■ WHAT YOU WILL DO
Copy out exactly, from the entries that follow, the line holding "湖北省部分学校2023-2024学年高一下学期4月期中考试地理+答案", the line holding "Credit: The word", and all lines between them, but no pictures.

■ RECORDS FOR PROCESSING
┄┄┄┄┄┄┄┄┄┄
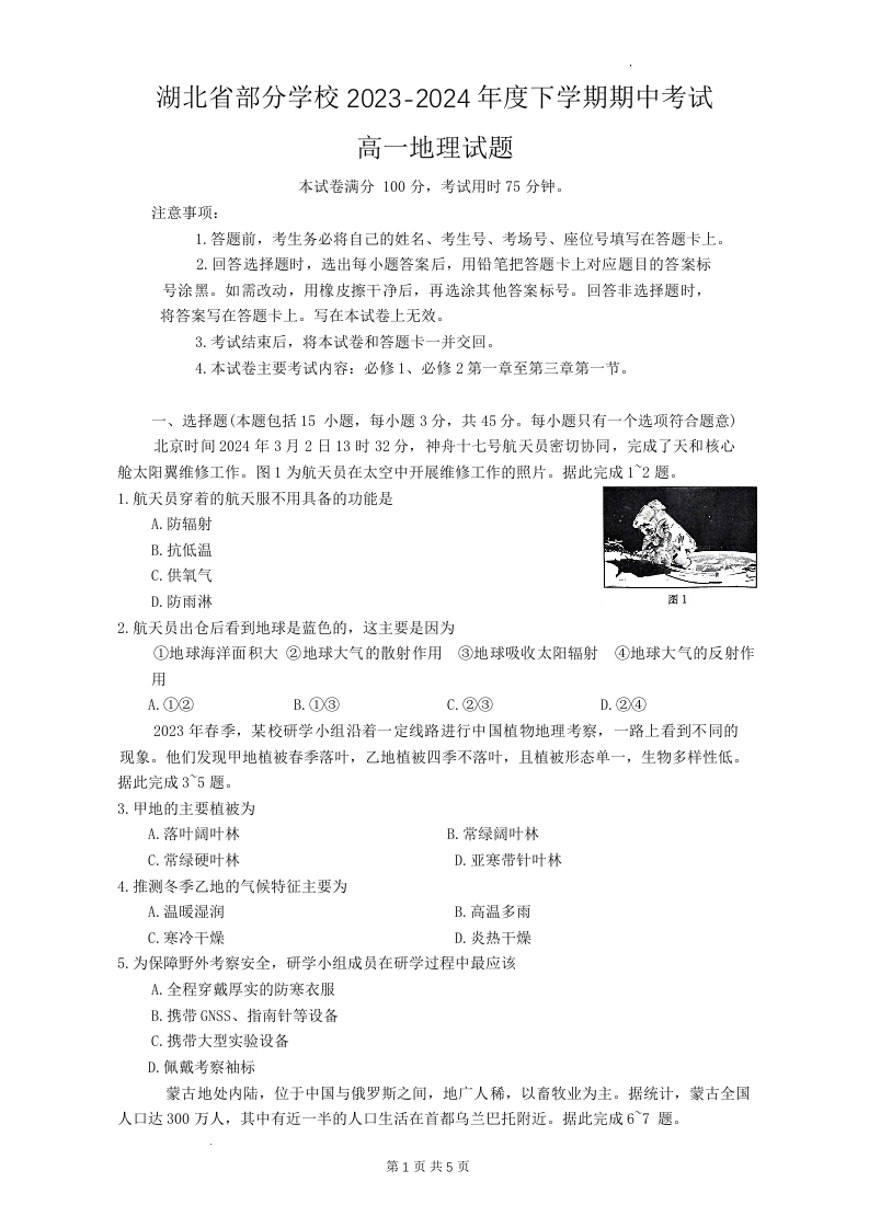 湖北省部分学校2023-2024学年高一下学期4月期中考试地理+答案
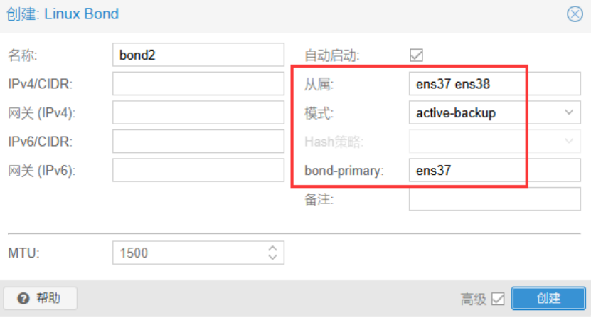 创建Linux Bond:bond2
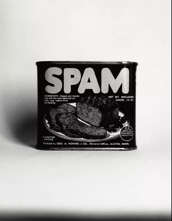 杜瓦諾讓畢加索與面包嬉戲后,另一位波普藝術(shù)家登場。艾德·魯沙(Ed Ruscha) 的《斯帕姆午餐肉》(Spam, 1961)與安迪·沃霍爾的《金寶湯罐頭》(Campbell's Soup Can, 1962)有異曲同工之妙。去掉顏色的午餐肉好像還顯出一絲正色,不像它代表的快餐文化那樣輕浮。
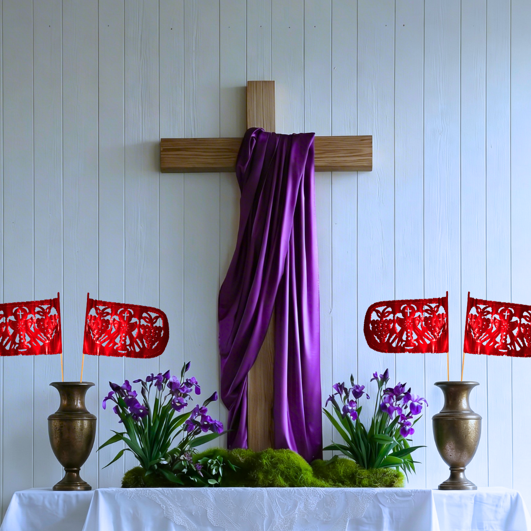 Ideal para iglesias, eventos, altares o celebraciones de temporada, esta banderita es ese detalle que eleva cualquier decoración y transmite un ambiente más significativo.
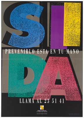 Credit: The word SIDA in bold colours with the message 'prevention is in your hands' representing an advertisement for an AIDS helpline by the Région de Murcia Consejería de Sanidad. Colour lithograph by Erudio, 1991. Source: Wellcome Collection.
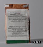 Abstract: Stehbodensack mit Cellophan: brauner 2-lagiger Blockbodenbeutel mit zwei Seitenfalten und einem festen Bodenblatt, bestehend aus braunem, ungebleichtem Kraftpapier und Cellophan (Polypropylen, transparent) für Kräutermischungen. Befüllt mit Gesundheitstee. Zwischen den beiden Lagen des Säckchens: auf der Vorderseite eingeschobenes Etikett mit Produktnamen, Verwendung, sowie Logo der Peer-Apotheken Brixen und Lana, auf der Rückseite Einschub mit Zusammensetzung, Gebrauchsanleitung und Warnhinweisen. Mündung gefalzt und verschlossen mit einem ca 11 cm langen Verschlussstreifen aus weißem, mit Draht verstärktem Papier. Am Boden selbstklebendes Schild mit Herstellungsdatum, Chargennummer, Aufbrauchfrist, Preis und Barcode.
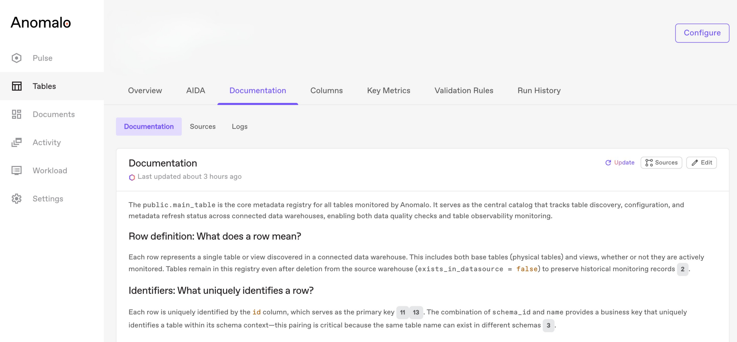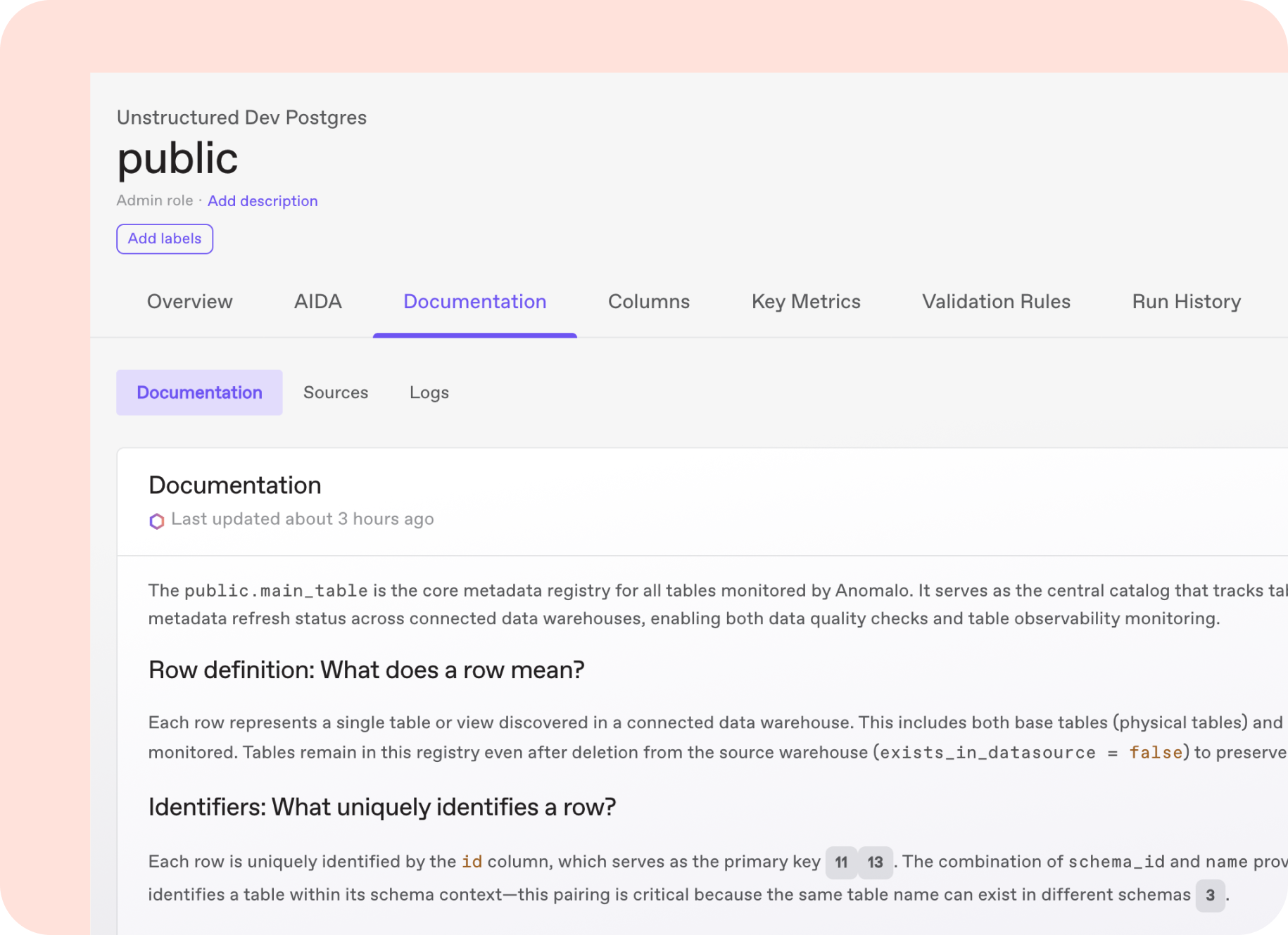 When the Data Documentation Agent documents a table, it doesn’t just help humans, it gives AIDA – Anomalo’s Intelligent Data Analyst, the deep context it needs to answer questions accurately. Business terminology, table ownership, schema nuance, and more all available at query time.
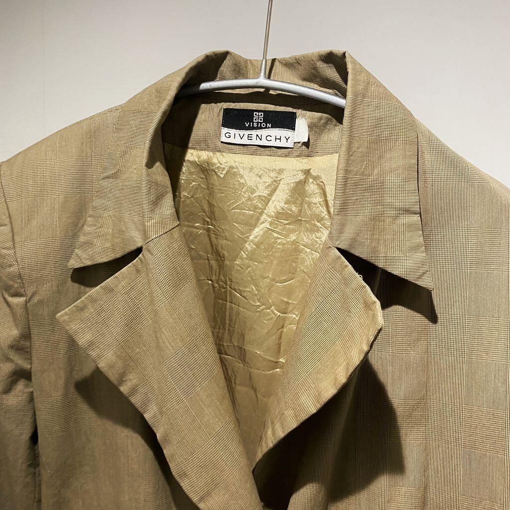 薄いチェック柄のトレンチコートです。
┄┄┄┄┄┄┄┄┄┄
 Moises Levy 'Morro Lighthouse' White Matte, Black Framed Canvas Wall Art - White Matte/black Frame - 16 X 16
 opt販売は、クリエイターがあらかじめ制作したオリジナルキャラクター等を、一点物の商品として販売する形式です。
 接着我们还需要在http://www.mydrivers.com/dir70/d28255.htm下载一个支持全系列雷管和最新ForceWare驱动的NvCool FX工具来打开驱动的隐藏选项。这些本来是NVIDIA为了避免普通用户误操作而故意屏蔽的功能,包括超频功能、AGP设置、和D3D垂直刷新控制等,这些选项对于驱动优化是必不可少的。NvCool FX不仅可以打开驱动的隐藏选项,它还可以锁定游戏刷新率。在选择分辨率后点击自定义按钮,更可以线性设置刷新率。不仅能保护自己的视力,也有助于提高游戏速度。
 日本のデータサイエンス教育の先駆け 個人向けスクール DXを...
┄┄┄┄┄┄┄┄┄┄
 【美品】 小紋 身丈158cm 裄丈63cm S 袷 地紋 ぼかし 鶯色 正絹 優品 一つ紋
┄┄┄┄┄┄┄┄┄┄
■ ANSWER TO THIS PROBLEM
 湖北省部分学校2023-2024学年高一下学期4月期中考试地理+答案
 创建Linux Bond:bond2
 杜瓦諾讓畢加索與面包嬉戲后,另一位波普藝術(shù)家登場。艾德·魯沙(Ed Ruscha) 的《斯帕姆午餐肉》(Spam, 1961)與安迪·沃霍爾的《金寶湯罐頭》(Campbell's Soup Can, 1962)有異曲同工之妙。去掉顏色的午餐肉好像還顯出一絲正色,不像它代表的快餐文化那樣輕浮。
 Ideal para iglesias, eventos, altares o celebraciones de temporada, esta banderita es ese detalle que eleva cualquier decoración y transmite un ambiente más significativo.
 Credit: The word SIDA in bold colours with the message 'prevention is in your hands' representing an advertisement for an AIDS helpline by the Région de Murcia Consejería de Sanidad. Colour lithograph by Erudio, 1991. Source: Wellcome Collection.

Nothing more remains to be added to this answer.